Tuesday 13 April 2010


Most of us have caught up with the digital revolution. But some people have kicked and screamed and held onto the door frame as we tried to drag them into the 21st century - or the 20th – or even the 19th.

Twenty or thirty years ago, they were very disturbed by FELT-TIP PENS, treating them like biros and refusing to put the tops back on, so the ink dried up. They then carried on writing with the pens. If you offered them a new one they said “No, no, this is fine, look!” and wrote something faint and illegible, pressing very hard and destroying the tip.

They carried on typing with faint, ghostly TYPING RIBBONS because they didn’t know how to put in a new one. Typewriters had a few mechanical features (like a switch that made the ribbon run back the other way). They found these too complicated and carried on typing on the same spot on the ribbon (now stuck at the end of its cycle) until it wore through.

They wrote humorous articles complaining TYPEWRITERS had too many gizmos (tab keys!) and if you pressed the wrong one everything ended up in capITALS.

They didn’t screw back the top on the TIPPEX tightly enough, or even at all. They either used it when it had dried up and gone lumpy, or spent hours adding thinner and leaving the bottle upside down. (And if you said “It says ‘Screw top on tightly’ - if you don’t it dries up” they’d say “No, no, it’s all right, you can add thinner and leave the bottle upside down!”)

When TVs were black and white, and you tuned in to the (four) channels with a knob at the back, they watched through hissing and snow, and wouldn't let you wiggle the knob to get a better picture.

When they finally got around to getting COLOUR TELLY, they didn’t adjust the colour, so everyone’s face was salmon pink and all football fields were vivid viridian.
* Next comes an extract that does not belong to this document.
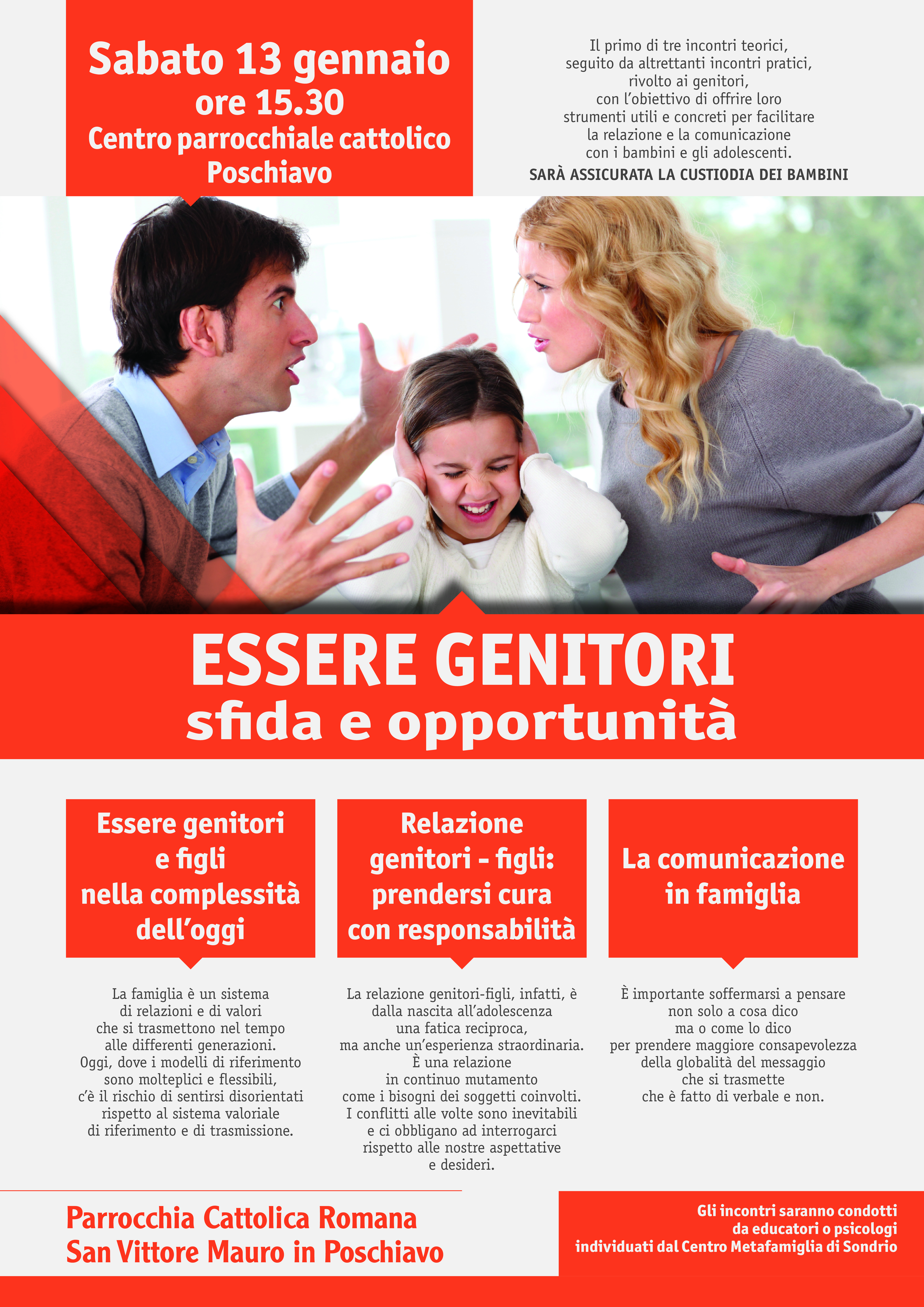 A partire da sabato 13 gennaio (appuntamento alle ore 15.30 in centro parrocchiale) la Parrocchia Cattolica Romana San Vittore Mauro in Poschiavo intende proporre tre incontri teorici e altrettanti pratici ai genitori, con l’obiettivo di offrire loro strumenti utili e concreti per facilitare la relazione e la comunicazione con i bambini e gli adolescenti.

If you tried to adjust it they screamed: “No, no, stop! You’ll make it worse! I like it like that!”

They said they weren't going to use a computer unless they understood how they WORKED. (It didn't bother them that they didn't know how a telly worked.)

They couldn’t understand why anyone would want a COMPUTER – the only language they spoke was a lot of 0000s and 11111s.

Then they said: “But I don’t need a COMPUTER, all I want is a WORD PROCESSOR.”

They pretended to think that a WORD PROCESSOR would massage your prose and write your article for you. They said “I’ve heard Wordstar is the best,” meaning that it was the only WP programme they’d heard of.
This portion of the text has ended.